Arno Minkkinen.

Very nice piece. In my photography, I usually feel that the bus I was on crashed and after a bit of aimless walking I end up on a bus going somewhere else entirely from the original destination.
 
Very nice piece. In my photography, I usually feel that the bus I was on crashed and after a bit of aimless walking I end up on a bus going somewhere else entirely from the original destination.
Ha ha ha ! Use then the Switzerland analogy.
 
Very nice piece. In my photography, I usually feel that the bus I was on crashed and after a bit of aimless walking I end up on a bus going somewhere else entirely from the original destination.
Ha ha ha ! Use then the Switzerland analogy.

Well, I have not stepped back to see what my long term goal with photography is. Guess I should start watching for that mountain off in the distance, with my hair like it is I am certainly close to timberline.
 
Yes, a pretty good article. Some interesting thoughts in it. As he puts it, "Stay on the f***ing bus." An interesting idea!

I think there's way too much worry about doing the same thing as others...way too much emphasis on creating new things, as if those who came before somehow "own" entire genres. I think it's utterly stupid to think that because say Helmut Newton photographed erotic nudes, that the entire genre is played out and useless. Same with Sally Mann...she doesn't "own" large format shots of kids, or even of dead animal skeletons....same with all the other genres...the idea of "imitation" is warned of far too often. I say this not just due to this one writer's article, but about others who I'm reading currently, warning about "imitating" prior works...because if the idea that value only comes from utter originality is true, then NOTHING done after about 1900 is "original"...all the ideas were shot in the first six decades. Nudes? Alllll derivative. Allllllllll just "imitations" of what was done before. Portraiture? Allllllllll nothing more than imitation. As he writes, if one just stays on the bus, soon one will discover that one has made one's very own way in the world.
 
"You might find yourself there, one day too."
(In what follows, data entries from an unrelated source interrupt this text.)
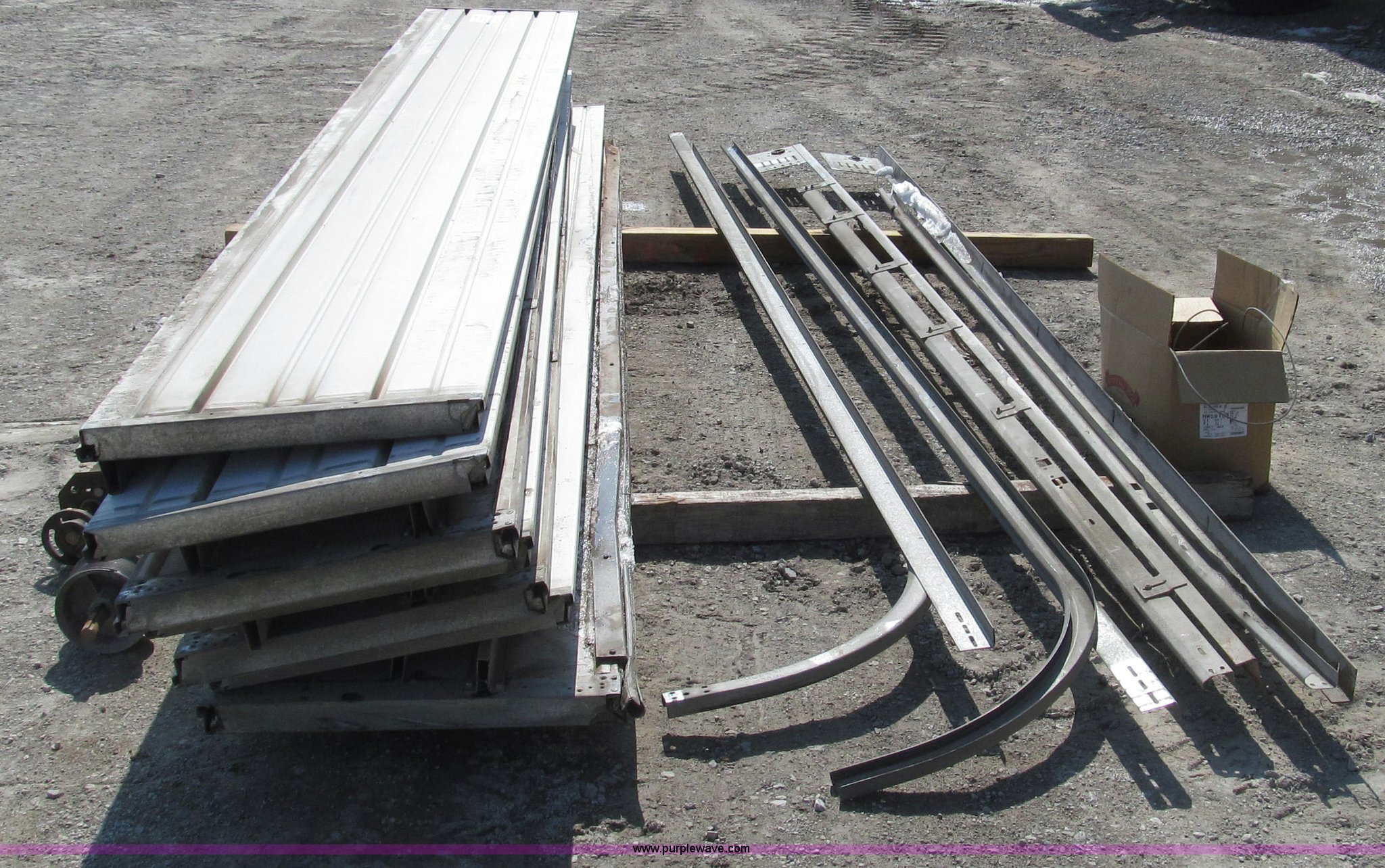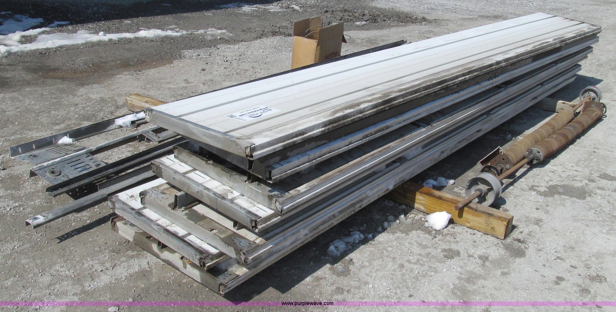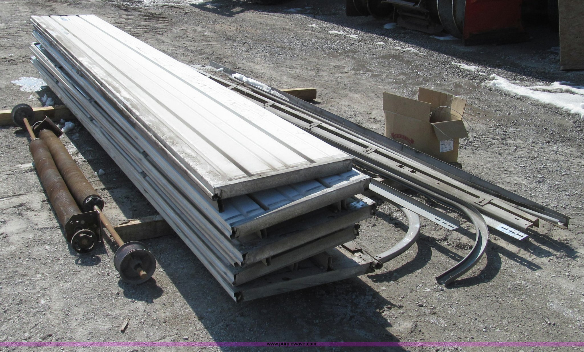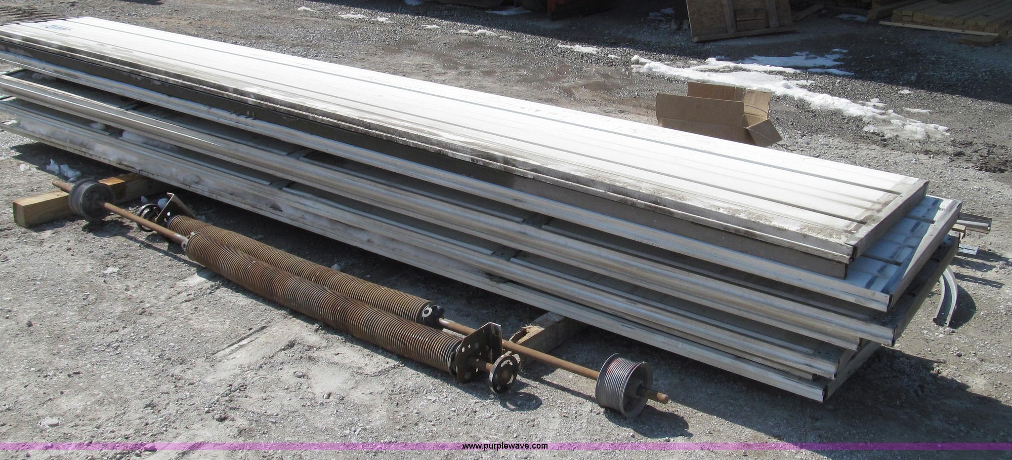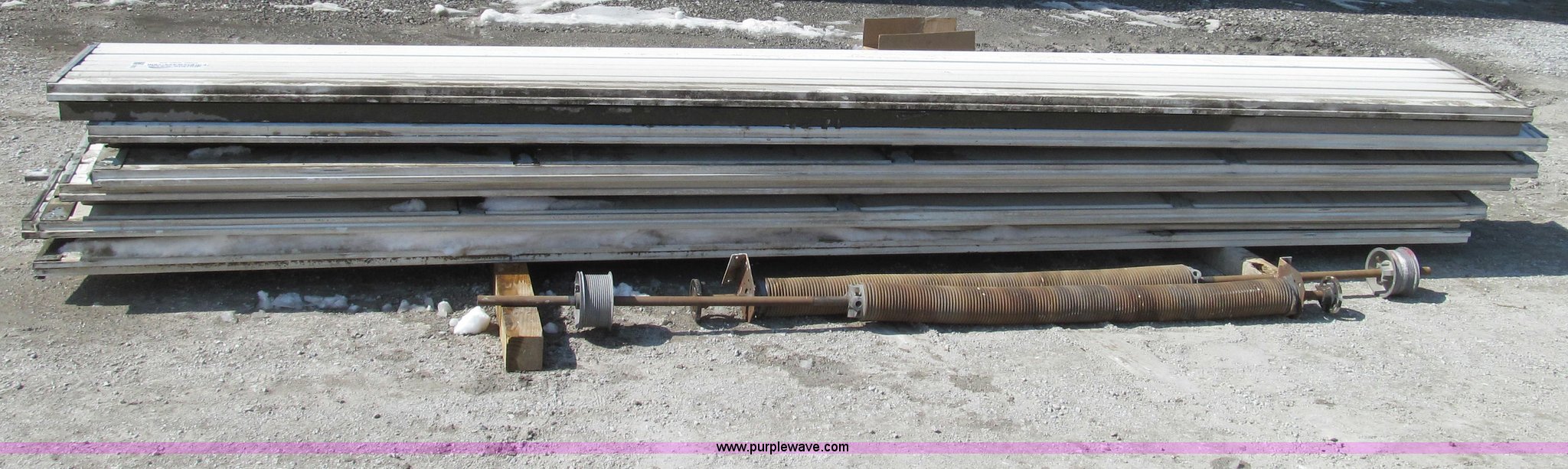 Purple Wave is selling a used Building Materials in Missouri. This item is a Insulated overhead shop door with the following: 14'2"W x 12'7"H, Spring assisted opener, Track, cable, and hardware included, (7) sections, (4) glass windows in one section
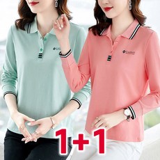 1+1 중년 여성 폴로 골프 긴팔티 봄 가을 골프웨어 캐주얼 슬림핏 이너 상의 카라 긴팔 티셔츠 루즈핏 데일리 폴로셔츠 엄마옷 2장세트 빅사이즈
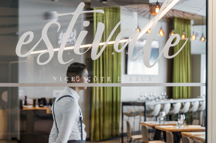 Ouvert depuis peu, L’Estivale fait désormais partie des adresses gourmandes de la Côte d’Azur. Avec une vue imprenable sur les pistes, la mer, la montagne et la ville, ce vaste espace lumineux reprend, en termes de déco, les codes du Mirazur : un mobilier sobre et élégant qui met en avant les matériaux naturels, comme le bois rehaussé d’azulejos. Côté couleurs, le choix se tourne vers des teintes neutres, mises en valeur par une lumière chaude bien distribuée. Il s’en dégage une atmosphère calme et raffinée propice au voyage, l’introduction idéale quand on arrive sur la Côte ou bien une halte-souvenir avant de quitter la cité azuréenne. Non seulement ouvert à tous, le lieu reçoit aussi des séminaires, des sessions de co-working et des repas d’affaires.
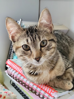 Then my sweet, dear Ethel Mae turned into a biting, scratching kitten who didn't like to be held and could be violent at night (she liked to pounce on my face) and when she played. So, we unfortunately had to take her back to the rescue center also. 😢 They let us swap cats again, and we came home with a 12-week-old tabby I named Shalom, which is the Hebrew word for "peace." As of right now, she seems to be very promising: gentle, sweet, playful, and she loves loves LOVES to cuddle. Third time is a charm, right?
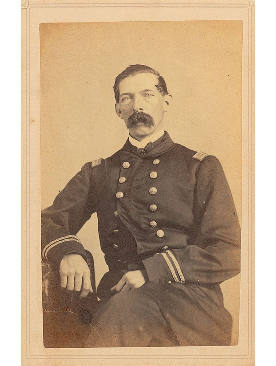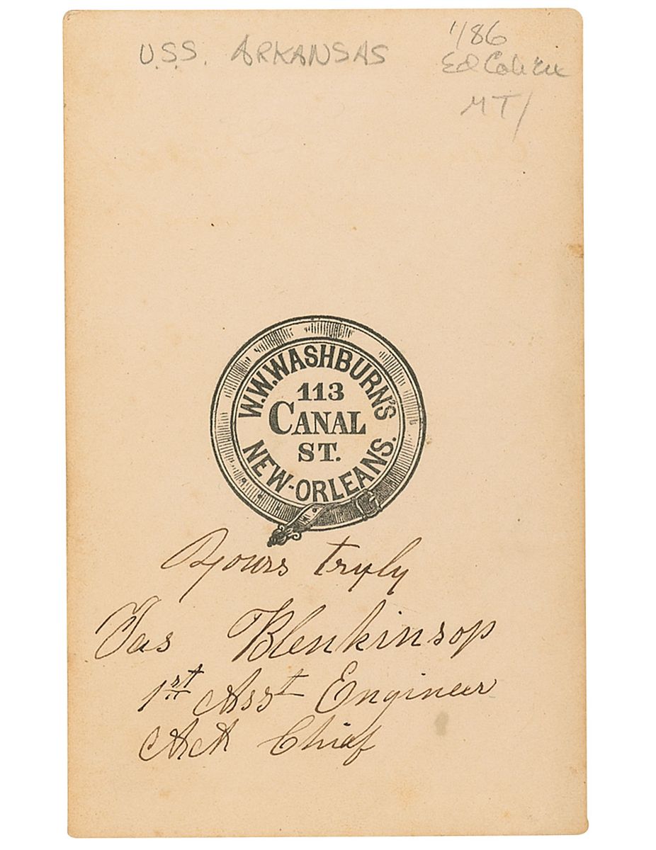 Third assistant engineer on board the steamer Massachusetts. Original 2.25 x 4 carte-de-visite photo by Washburn’s of New Orleans, signed on the reverse in black ink, “Yours truly, Jas. Blenkinsop, 1st Asst. Engineer, Act Chief.” In fine condition, with a bit of light soiling on reverse and a couple light pencil notations.
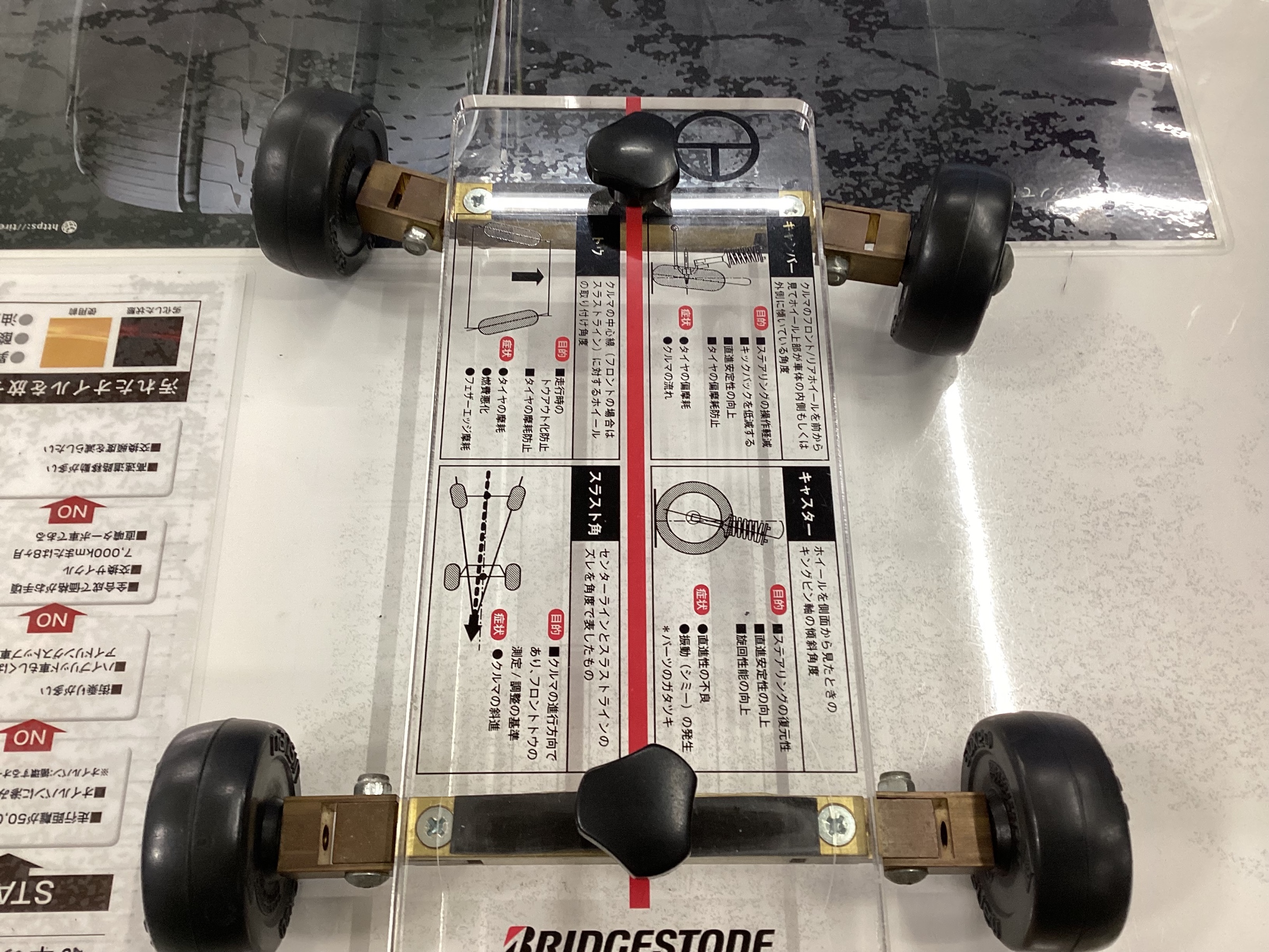 アライメント調整で、ズレたタイヤの向きを直します。
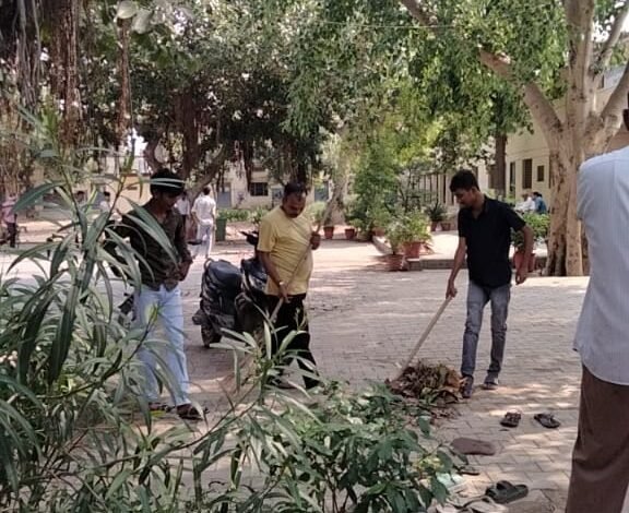 समाज सेवा शिविर के माध्यम से की स्कूल प्रांगण की सफाई
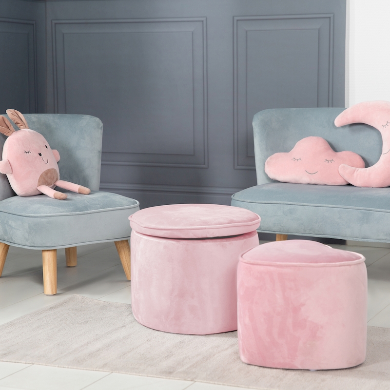 - Доступен в розовом, сером и голубом цветах. К данному пуфику можно докупить удобное кресло и диван из коллекции "Lil Sofa".
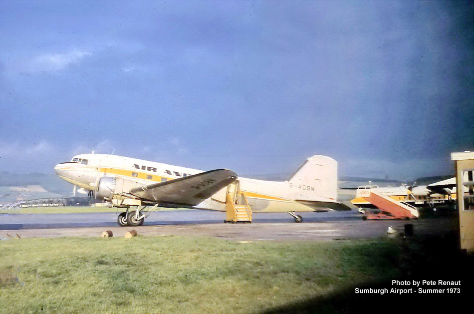 The photo to the right was taken by Pete Renaut, who was working on the oil rigs, and he saw AOBN as he passed through Sumburgh Airport. AOBN is in Air Anglia livery
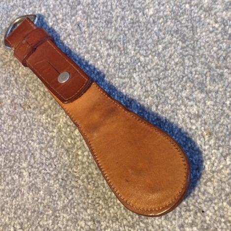 Some ten inches in overal length, this adjustable brown leather hanger has a nickel "D" ring in the upper fold, and a spring clip riveted into the lower teardrop section. All stitching complete and in excellent condition.

I did :) As true Finland fan, been to Helsinki, but did not take a local city bus on that square at all...
However, I did take another bus, these typical airport shuttle busses, not at the same square, but on the other side of the railway station.

I took a tram... circle line, stayed on it, looked around throughout the window, until I was back on my original stop where I got in, saw a lot for € 2.

To make a short story long: I haven't understood anything from that article... Guess I was already lost after a few phrases. :)

I need to get back to Helsinki someday... In march, it's been 10 years ago that I made that trip. Will scan some old film to post someday !
 
NOTHING done after about 1900 is "original"...all the ideas were shot in the first six decades. Nudes? Alllll derivative. Allllllllll just "imitations" of what was done before. Portraiture? Allllllllll nothing more than imitation. As he writes, if one just stays on the bus, soon one will discover that one has made one's very own way in the world.
When playing the guitar, I sometimes think: "damn, this melody is probably already been made by someone else before... have to think about creating something different."

Maybe all melodies already been made multiple times, ... or if not: when will be this day, there will be a break even point where all things are already made?
Wouldn't think this kind of creativity is unlimited. But at some point, some combinations of rhythms, melodies, speeds, chord progressions will all have been made.
You will have this kind of stuff with photography too... if the same composition, model, viewpoint, position, color, bokeh,... is already been done once...

Staying in your own world or bus, is the best thing indeed. Not listening to other music to get influenced, not looking to other pictures at all ... let your own ideas flow.